§ Input data
↓↓↓

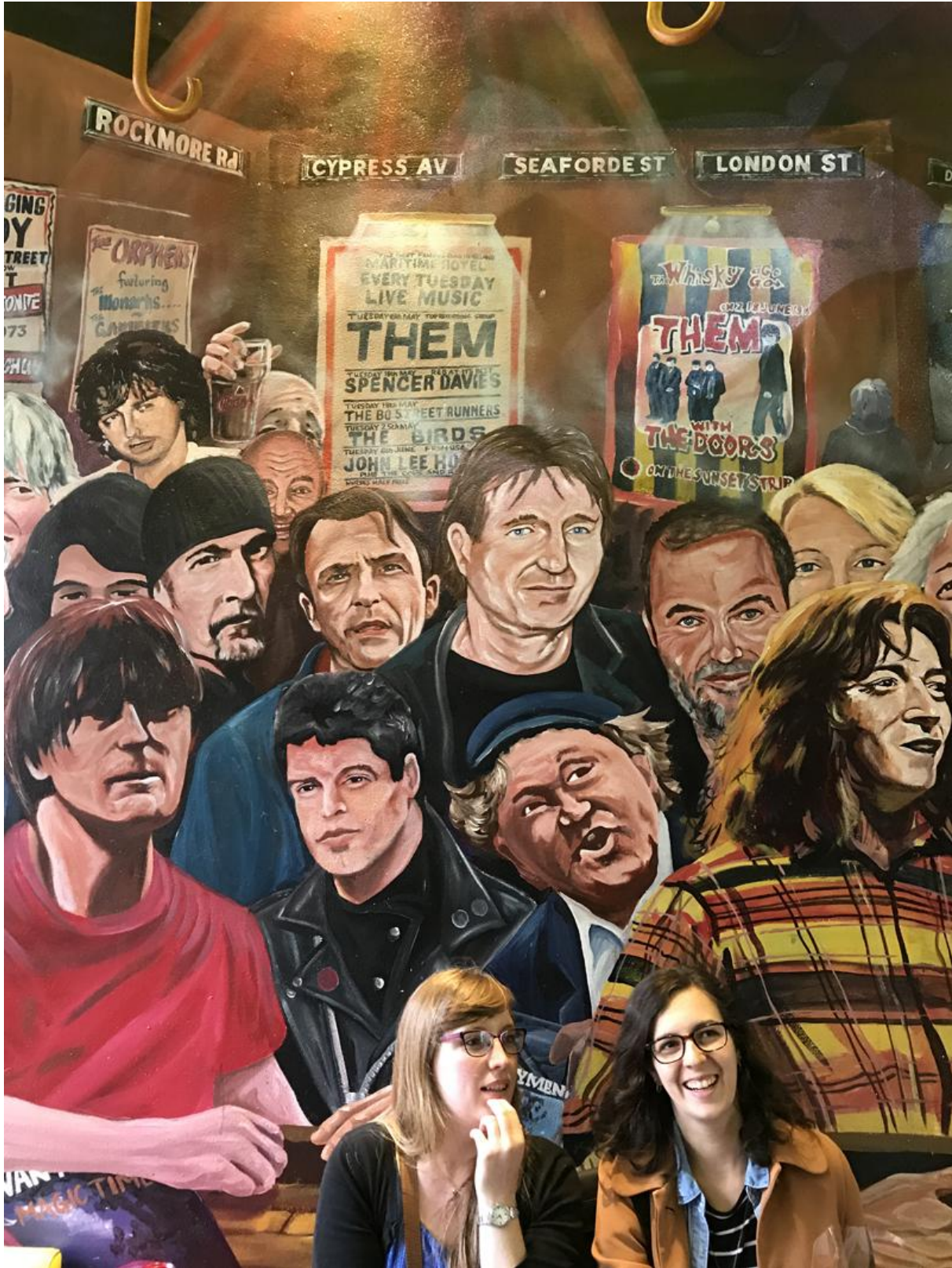
Identify the faces: Actor Liam Neeson from Northern Ireland in the middle, real people in the foreground, Commercial Court, Belfast
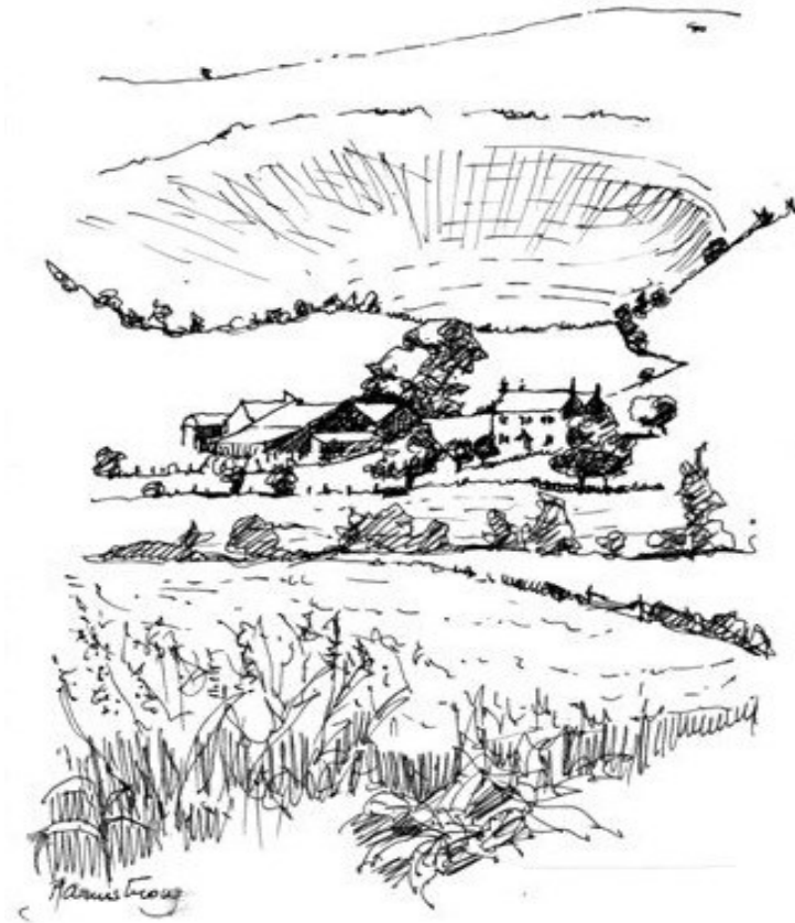
Whitecliff Farm Brixton Deverill
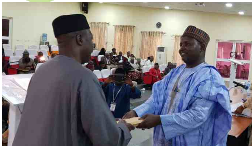
Dep. Director Security Institute, presenting some publications to the Guest lecturer
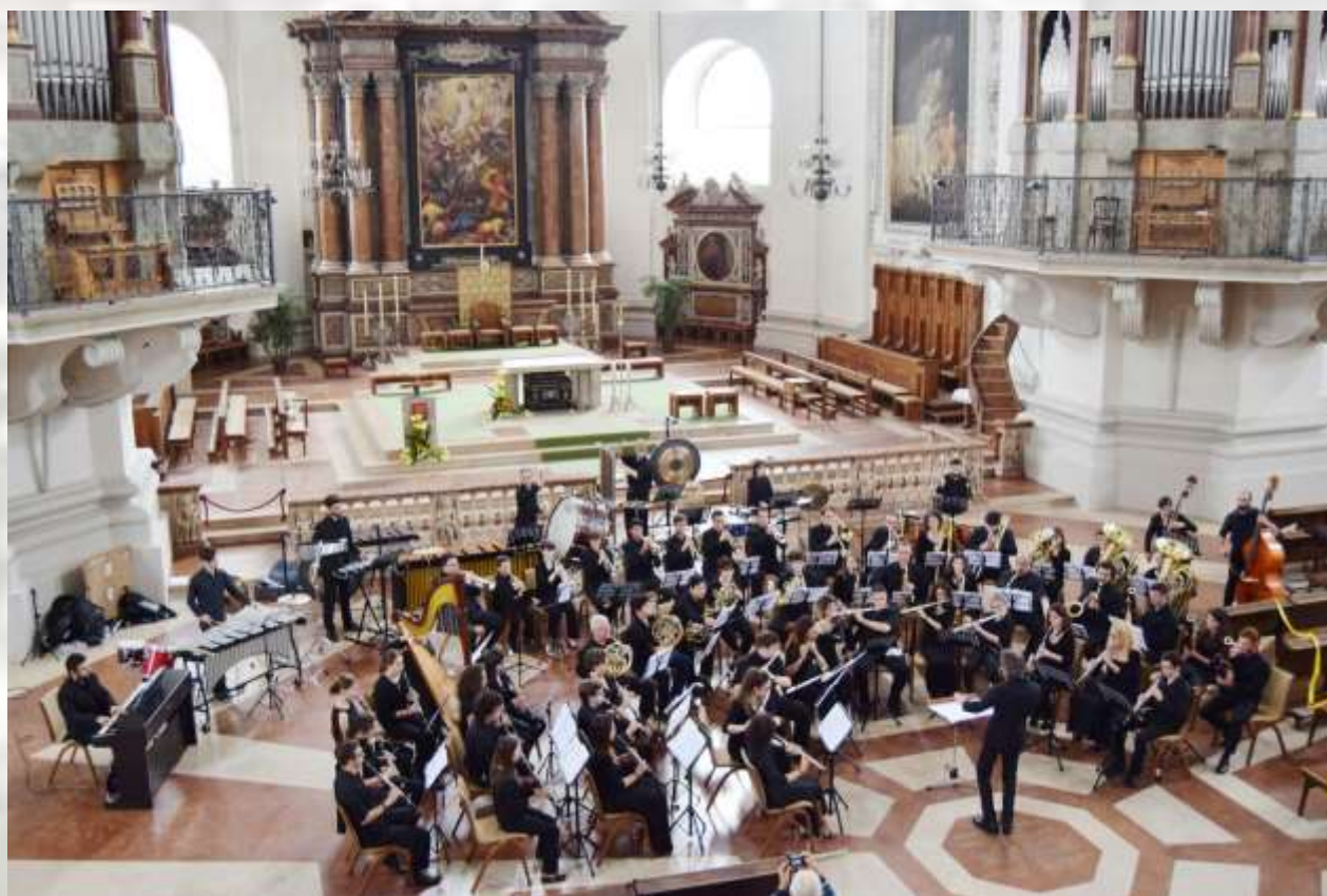
IWE - Basilika Salisburgo July 201

↑↑↑

The copy must match the listing above exactly but contain no pictures.

Identify the faces: Actor Liam Neeson from Northern Ireland in the middle, real people in the foreground, Commercial Court, Belfast
Whitecliff Farm Brixton Deverill
Dep. Director Security Institute, presenting some publications to the Guest lecturer
IWE - Basilika Salisburgo July 201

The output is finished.